For everyday consumers and investors, this isn’t just another geopolitical headline. If the situation worsens, it could show up quickly at the petrol pump and possibly shake up your investment portfolio too.
The Current Situation: Why Prices Are Climbing
After the military actions on February 28, 2026, oil benchmarks opened with a sharp “gap-up,” as traders rushed to price in the risk of supply disruptions.
Brent Crude: Currently hovering around $73 per barrel. Experts warn it could test $80, and if tensions persist, even $100 isn’t off the table.
West Texas Intermediate (WTI): Up more than 20% so far this year, recently touching seven-month highs near $67–$68.
What’s driving this spike? Traders are adding what’s known as a “war premium,” an extra cost built into every barrel, simply because of the risk that oil supply could suddenly be disrupted.
In simple terms, markets hate uncertainty. And right now, uncertainty is in abundance.
The ‘Choke Point’ That Has Everyone Worried
The biggest concern for the global energy market isn’t just the conflict itself, it’s geography. At the centre of the storm lies the Strait of Hormuz, a narrow waterway that serves as the world’s most critical oil transit route.
Roughly 20 million barrels of oil pass through this route every single day, about 20% of global oil consumption. If Iran attempts to block or disrupt traffic here in retaliation, global supplies could tighten overnight.

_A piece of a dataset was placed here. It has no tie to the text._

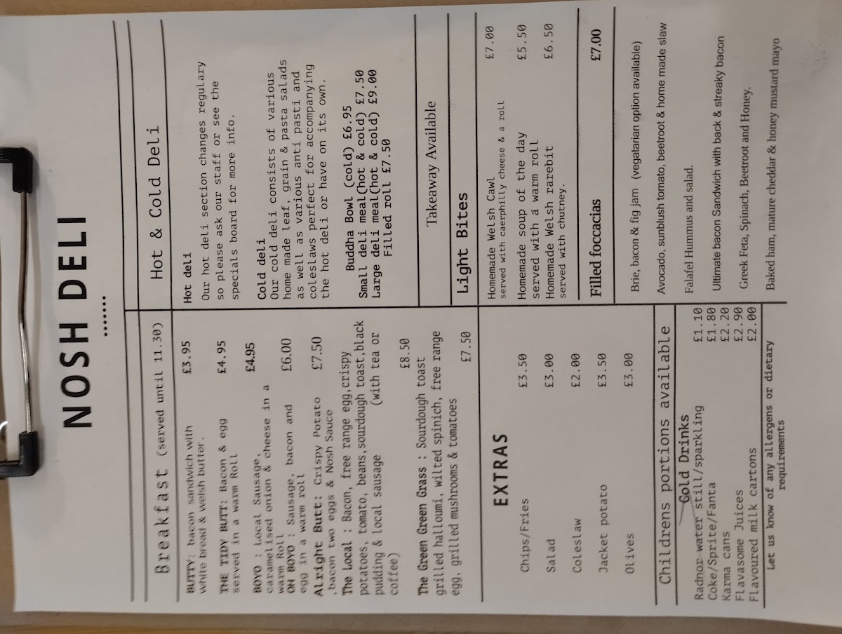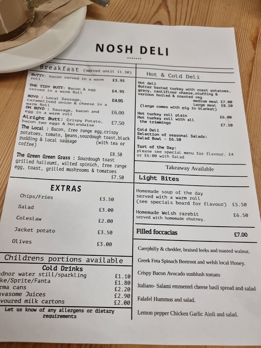 Welcome to Nosh Deli, a charming café nestled in the heart of Abergavenny's Butter Market. Offering a delightful selection of dishes, Nosh Deli is the perfect spot for breakfast or a light bite. Start your day with one of their unique butties, like the 'Tidy Butt' or the 'Green Green Grass,' all made with fresh, local ingredients.

In such a scenario, analysts at Bloomberg and several major investment banks suggest oil prices wouldn’t just rise gradually, they could spike sharply, potentially crossing $100 per barrel within weeks. That’s the worst-case scenario the market is nervously watching.
What It Means for You
The immediate outlook is likely to remain volatile. Expect sharp swings in prices as fresh headlines emerge. Investors may want to keep a close watch on market openings, especially at the start of the week when global markets react to weekend developments.
For the general public, the impact could be more direct:
- Higher fuel prices
- Rising transportation and logistics costs
- Potential pressure on inflation
- Possible delays in long-awaited interest rate cuts
However, there’s another side to the story. Experts point out that global oil markets are currently well-supplied. Strategic reserves in key economies and output from major producers are acting as a cushion for now.
Unless the Strait of Hormuz is physically blocked or major infrastructure is damaged, prices may stabilize once the initial panic fades. Markets often react sharply at first, only to cool down when worst-case fears fail to materialize.
The Big Question: Shock or Structural Shift?
Is this a short-term spike driven by fear? Or the beginning of a sustained rally toward $100 oil?
Much will depend on how long tensions persist and whether the conflict spreads beyond limited military action. For now, the “war premium” is real, but so is the possibility of stabilization if cooler heads prevail.
One thing is clear: crude oil is back in the spotlight. And in times like these, even a single headline can move billions of dollars in minutes.